The doses of the probiotics varied, and probiotics were used as an additional therapy to lactulose in two trials. While most of the studies defined functional constipation according to the Rome III criteria, the investigators in two trials developed their own definition, which can influence the study population. Additionally, there were substantial discrepancies between ages of included children, ranging from infants to adolescents.

An additional limitation of our review is the heterogeneity in outcome measures used in the included trials. The primary outcome measure in our review was treatment success, as defined by the investigators. However, these definitions varied between studies. None of the outcome measures were assessed in all of the included studies in a form that was suitable for a meta-analysis, making comparison difficult. Taken together, our findings must be interpreted with caution.

The previous review published by our team included only two trials from the pediatric population. This review found that administration of L. rhamnosus GG was not effective, while the administration of L. casei rhamnosus Lcr35 increased the number of stools and reduced the number of hard stools. The authors emphasized that this conclusion was based on a single study, which had a very small number of participants. The current review included more trials involving more patients and focused on children only. We decided not to include the adult population, because of two recently published, well-designed reviews that evaluated the effectiveness of probiotic administration in adults with functional constipation [9, 11]. A systematic review and meta-analysis by Dimidi et al. [9] involved 14 RCTs (1182 participants). Overall, probiotics significantly reduced whole gut transit time by 12.4 h (95% CI −22.3 to −2.5 h) and increased stool frequency by 1.3 bowel movements/week (95% CI 0.7 to 1.9 bowel movements/week). There was a visible strain-specific effect. In adults, the administration of B. lactis increased stool frequency (weighted mean difference, WMD, 1.5 bowel movements/week, 95% CI 0.7 to 2.3 bowel movements/week) and improved stool consistency (standardized mean difference, SMD, 0.46, 95% CI 0.08 to 0.85). These effects were not demonstrated with L. casei Shirota. Ford et al. [11] performed a systematic review and meta-analysis to examine the efficacy of treatment with prebiotics, probiotics, and synbiotics in adults with irritable bowel syndrome and chronic constipation. The authors included three RCTs involving 245 patients with chronic constipation. There was no statistically significant effect of probiotics in terms of failure to respond to therapy (RR 0.29, 95% CI 0.07 to 1.12), but probiotics significantly increased the mean number of stools per week (1.49, 95% CI 1.02 to 1.96).
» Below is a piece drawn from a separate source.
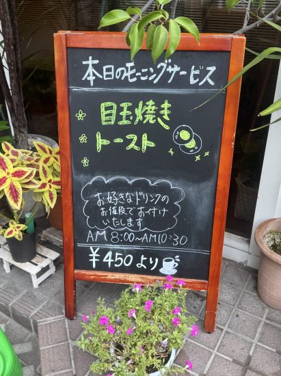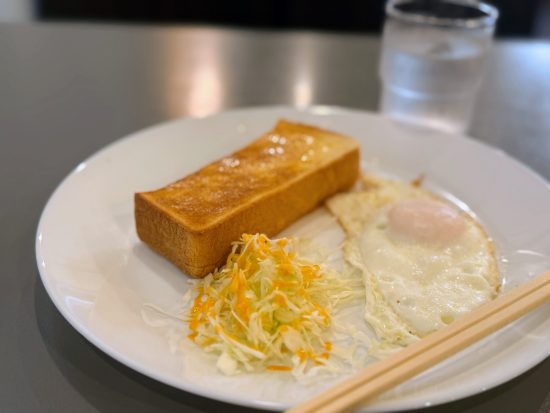 モーニングは好きな飲み物に日替わりでサービスが付きます。この日は目玉焼きとトーストでした。
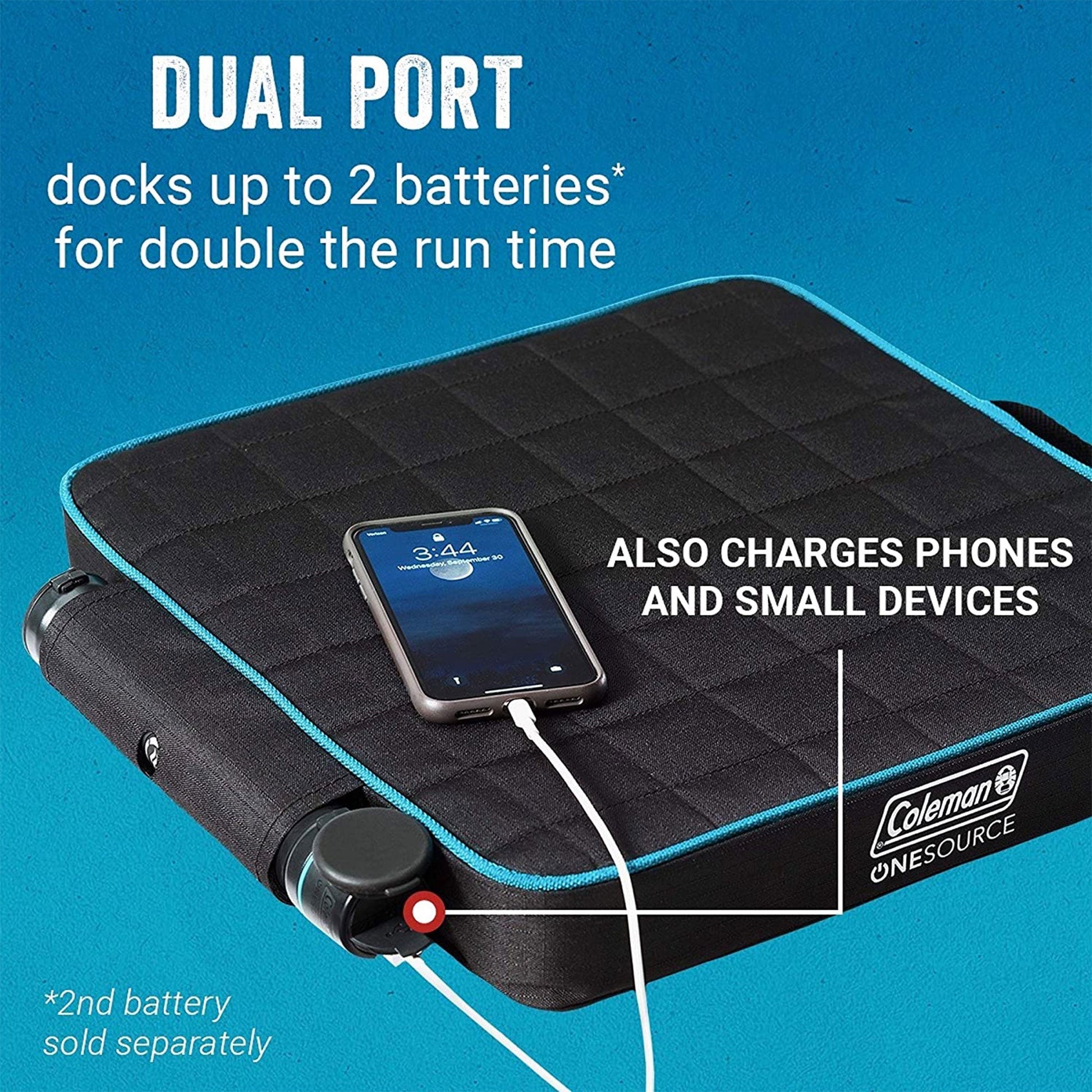 Whether you're placing this cushion on a bleacher seat or on a Coleman camping chair, you'll be able to feel a true, cozy difference in comfort and warmth. Power your heated chair pad using the lithium-ion rechargeable battery, an interchangeable battery that works with all Coleman OneSource products, and eliminate the need for multiple power sources by charging your devices through the USB port.

Our findings are in line with the results of a published 2013 review and meta-analysis evaluating the effectiveness of probiotics for the management of childhood functional gastrointestinal disorders [18]. The authors included three RCTs. Probiotics did not have a significant effect with respect to treatment success (RR 1.16, 95% CI 0.83 to 1.62) and defecation frequency (SMD 0.44, 95% CI −0.35 to 1.24).

The lack of an effect of currently studied probiotics does not preclude the possibility that other strains (single or in combinations) will be effective. Both a better understanding of the microbiota differences in constipated and non-constipated children and criteria for the in vitro selection of probiotic microorganisms for further clinical trials are needed. Statistically well-powered RCTs should have relevant inclusion/exclusion criteria, validated clinical outcome measures (with definitions), and effect sizes reported in a clinically meaningful way.